We did not know then that within half a year the great Hebrew-Arab war would break out – our War of Independence and their Naqba. I believe that most of the 6000 young people who fell in the war on our side, as well as the thousands that were wounded – like you and me – were present at that moment in Dalia, seeing each other and singing together.
What state did we think of then? What state did we set out to create?
What has happened to the Hebrew society, the Hebrew culture, the Hebrew morality that we were so proud of then?
YES, WE did create a state. As the old song goes: “On the battlefield, a town is now standing”. We have brought millions of people to this country. From a Hebrew community of 650 thousand we have grown into a population of 7.5 million. A fourth and fifth generation speaks Hebrew as their mother tongue. Our economy is large and solid, even in these times of crisis. In several fields we are in the first rank of human endeavor.
But is this the society, is this the state, which we saw in our mind’s eye on the day it was set up? Is this the army that you and I swore allegiance to on the day it was founded?
Did we dream of this corrupt society, a society without compassion, where a handful of the very rich live off the fat of the land, with a large band of politicians and media people and other lackeys groveling in the dust at their feet?
Did we dream of a state that is an isolated and shunned ghetto in the region, lording it over an oppressed Palestinian ghetto-within-a-ghetto?
There were days when we could stand up anywhere in the world and proudly declare “I am an Israeli”. No one can do that now.
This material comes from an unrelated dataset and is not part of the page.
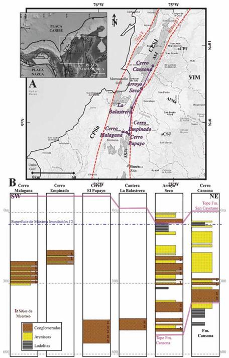 El CPSJ se encuentra separado del Cinturón Plegado del Sinú (CPSn) al Nor-Oeste por el Lineamiento del Sinú, y del Valle Inferior del Magdalena (VIM) al Sur-Oeste por el sistema de fallas de Romeral. La cuenca del VIM se subdivide en la sub-cuenca de Plato al Norte y la sub-cuenca de San Jorge al Sur (Barrero et al., 2007), siendo separadas por el Alto de Magangué (AlMa) en la parte central (altos de El Difícil y Cicuco, y la plataforma de Chimichagua al Sur-este) (FIGURA 1A). El basamento del VIM es considerado una corteza continental integrada por rocas ígneas intrusivas y extrusivas, y rocas metamórficas (INGEOMINAS, 1997). Este basamento presenta una importante similitud con el basamento de la Cordillera Central (Terreno Cajamarca-Valdivia, sensuCediel et al, 2003) y el Macizo de Santa Marta (sub-placa de Maracaibo, sensuCediel et al, 2003) (Vinasco et al, 2006; Cardona et al, 2010; Montes et al, 2010; Spikings et al., 2015). Otras litologías ígneas de edad Cretácico Tardío han sido igualmente reconocidas recientemente en el basamento del VIM (Silva-Arias et al, 2016); mientras que solo presenta un registro de rocas sedimentarias desde el Eoceno (Cerón et al, 2007; Mantilla-Pimiento, 2007), lo que sugiere que el VIM se encontraba emergido para el Cretácico Tardío y Paleógeno Temprano. Por otra parte, el basamento del CPSJ se compone de litologías básicas y ultrabásicas relacionadas con la Gran Provincia Ígnea del Caribe, que están cubiertas por una secuencia sedimentaria que inicia con rocas de ambiente marino (calizas y margas) pertenecientes a la Formación Cansona de edad Cretácico Superior (Duque-Caro, 1973; GEOTEC, 1997; 2003; Guzmán et al, 2004; Guzmán, 2007). La Formación San Cayetano (se incluye su formación equivalente Arroyo Seco) es considerada como de edad Paleógeno Inferior (Duque-Caro et al, 1996; GEOTEC, 1997; Guzmán, 2007) y se encuentra de manera discordante sobre la Formación Cansona, su contacto superior también es discordante, entrando en contacto bien con la suprayacente Formación Maco (Eoceno Medio) en el Arroyo Maco (Paraconforme?), con la Formación Toluviejo (Eoceno Superior) en el Sector de Arroyo Seco, o con la Formación Ciénaga de Oro (Oligoceno) en los sectores de Ciénaga de Oro y Tuchín. En la Formación San Cayetano se documentan dos grandes segmentos: hacia la parte inferior se observan capas medias y gruesas de conglomerados polimícticos matriz-soportados con clastos subredondeados tamaño bloque, con bases erosivas e intercaladas con grandes cuerpos masivos de conglomerados matriz-soportados de gradación inversa. Estos conglomerados varían texturalmente a areniscas de grano medio a grueso y areniscas conglomeráticas ocasionalmente con estratificación cruzada planar y en artesa con imbricación de clastos. Esta transición del segmento basal conglomerático a intercalaciones de areniscas y lodolitas, culmina con un nivel superior relativamente espeso de capas gruesas de lodolitas, lodolitas calcáreas gris oscuras y capas delgadas de litoarenitas con ocasional cemento calcáreo, laminación plano-paralela, ondulosa y escasas ondulitas.

The name of Israel has become mud. Since the Gaza War, in which our army poured molten lead onto men, women and children, many Israelis avoid speaking Hebrew in the streets of foreign cities and the IDF has ordered the faces of some of its officers – those whose rank equals yours – be obscured in pictures published in the media.
WHY DID this happen? When did this happen?
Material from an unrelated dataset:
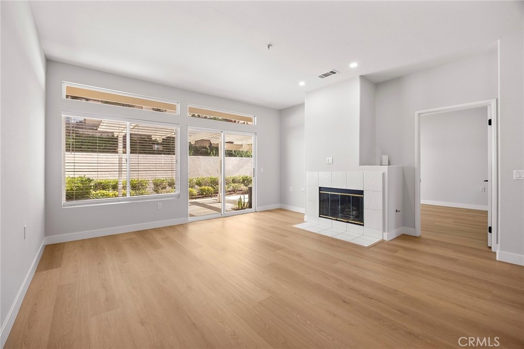 Listing Re-Launch! The market spoke, and the sellers listened. This beautifully renovated home (renovation completed 11/9) features brand-new luxury vinyl flooring, fresh designer paint, modern baseboards, contemporary door hardware, sleek ceiling fans, energy-efficient LED lighting, updated window coverings, stylish vanity lights, new faucets and fixtures, and a new dining area chandelier. All cabinets have matching pulls, and the eat-in kitchen boasts a complete suite of stainless steel Samsung appliances, including a new dishwasher. Both garages have freshly painted walls, coated floors, the included washer, dryer, and refrigerator make move-in easy. This spacious, open-concept floorplan offers approximately 1,278 sqft of living space with 2 bedrooms, 2 full bathrooms, 9-foot ceilings, and abundant windows for natural light. The large family room features a cozy fireplace, while the kitchen includes a breakfast nook, generous counter and cabinet space. The primary suite offers a ceiling fan, sliding glass door to a serene backyard, and a luxurious bathroom with dual sinks, ample storage, a walk-in shower, and a walk-in closet. The secondary bedroom is perfect for guests or a home office. Located in Palmia, a gated 55+ community, residents enjoy a resort-style clubhouse and amenities including a pool, spa, tennis courts, pickleball, an 18-hole natural grass putting green, and multiple community activity rooms. Lake Mission Viejo access is included, and HOA fees cover cable and internet services.

My aim is not to start a discussion with you about the fundamentals of Zionism, both positive and negative. We might not agree. Nor shall I enter into the question of whether everything really started in 1967, with the intoxicating and corruptive victory, or whether the seeds of disaster were sown earlier. On one thing I agree with you entirely: that the fatal step was taken then, on the morrow of that war, when we had the choice between the shining gold of peace and the base metal of annexation, and stretched our hands out towards the latter.
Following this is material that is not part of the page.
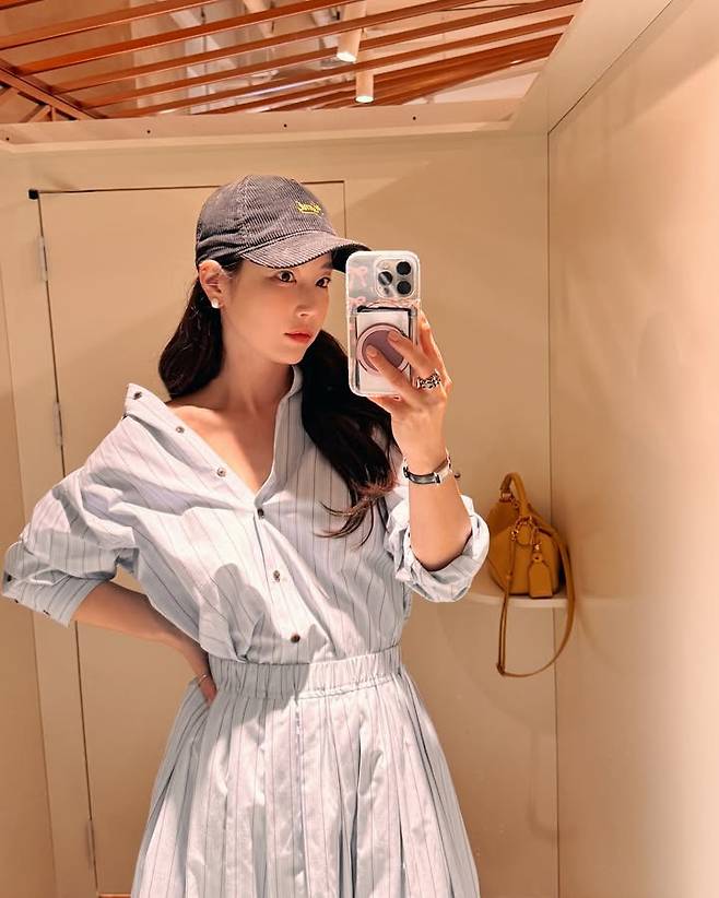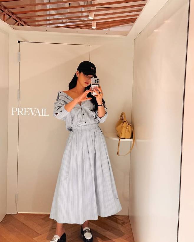 타임리스 스타일을 추구하는 패션 브랜드 프리베일(PREVAIL) 피팅룸 착샷을 통해 볼 수 있는 기은세의 봄 일상 코디는

My personal conscience is clean. I am proud that I was one of the few in the country, and the sole voice in the Knesset, who proposed even during the war to turn over the occupied territories to the Palestinian people, so as to enable them to set up their state. This unique opportunity was missed, as you point out in your letter, because of the greed of the founders of the settlement movement, the champions of a Greater Israel.
From there things rolled on, as in a Greek tragedy, to where we are now, with an assorted crew of settlers, racists, nationalists, messianic zealots and ordinary fascists in charge of the state, turning the Knesset into a circus, undermining the Supreme Court, perverting the army, imposing obscurantist religious laws, handing the public treasury to unbridled tycoons, polluting the education system with a primitive nationalist indoctrination, persecuting poor asylum seekers, oppressing the national minority and planning military attacks that will wreak death and destruction on civilian populations.
This is the state that you detest. I have no quarrel with you about that.
This is the state that you despair of. About that I do have a dispute with you.
YOU BEAR the name of the prophet who is nearest to my heart, Yirmiyahu, the prophet of anger who called out: “Woe is me, my mother, that thou hast borne me a man of strife and a man of contention to the whole world … every one doth curse me!” (Jer. 15:10)
But Jeremiah was not only an accuser, he was also a healer: “to root out, and to pull down, and to destroy, and to throw down – to build and to plant.” (Jer. 1:10)
You, Dov, have invested in this state much too much to turn your back on it in a gesture of anger and despair. The most hackneyed and worn-out slogan in Israel is also true: “We don’t have another state!”